# Green filmy floating in my tank



## Epok (Jun 20, 2011)

So i just get back from a week away and my brother was watching over my fish and 2 problems occured he said. the first problem still exsists, there is a green filmy particals floating at the top of my tank. I have done a water change and what ever it is just floats back up. I have a very thin holed net that I was trying to scoop it all up. Now on to the second problem a crazy algae bloom happened he said. He was scraping the glass twice a day because there was so much algae blooming. That has gone away though after he did a water change. 

I have a 14 gallon biocube with approx 20-25 lbs of live rock with 1 cleaner shrimp, 4 blue legged hermit crabs, 1 clownfish, yellow tail damsel and 3 3 inch pulsating xenia sprouts.

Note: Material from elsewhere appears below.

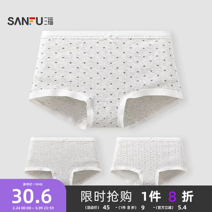 三福【2条装】 内裤女中腰包臀内裤无痕脚口抗菌印花女式平角裤

I was going to add more until i came home and seen this. I can take pics and send them via email or text.


----------



## scherzo (Apr 24, 2010)

How long has the tank been running?

How are your levels? Any of the livestock bothered?

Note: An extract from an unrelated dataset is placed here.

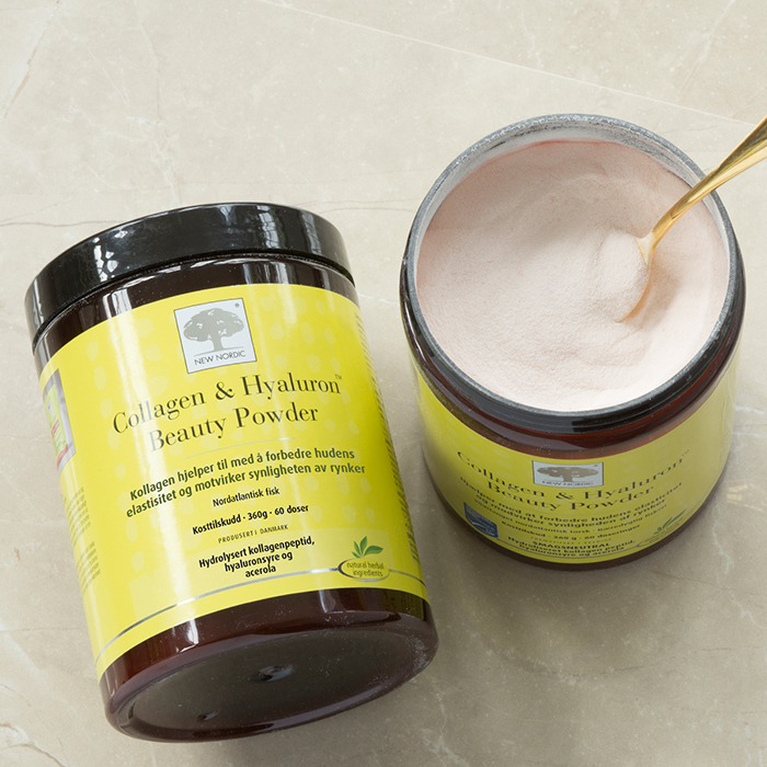 - Kollagenpulver med hyaluronsyre og vitamin C.

Maybe the tank was overfed?

Maybe aim a powerhead towards the surface to break the surface of the water to keep the film suspended. Can you run some filter material to help clear it up?


----------



## Epok (Jun 20, 2011)

Tanks been running for a while now i would say 3-4 months plus. All my levels are normal. The livestock dont seem bothered or look sick in anyway. I feed plankton about every two days and just enough that they all get some. I havent tried another powerhead pointing to the top of ghe water. I guess i could try that next paycheck.


----------



## scherzo (Apr 24, 2010)

If you already have a powerhead in the tank, just point that one upwards.


----------



## Epok (Jun 20, 2011)

I have a powerhead that moves around. It'll move in a circle. I just counted and the the movement hits the top of the water every 9 seconds. Is that enough?


----------



## scherzo (Apr 24, 2010)

It sounds like you only have the one built in pump. This really isn't enough flow for e tank. You should have at least one more powerhead. That should clear things up and keep the filmy stuff suspended so it can be filtered out.


----------



## Epok (Jun 20, 2011)

Oh okay. Ill try that thanks!!!


----------



## SeaHorse_Fanatic (Apr 22, 2010)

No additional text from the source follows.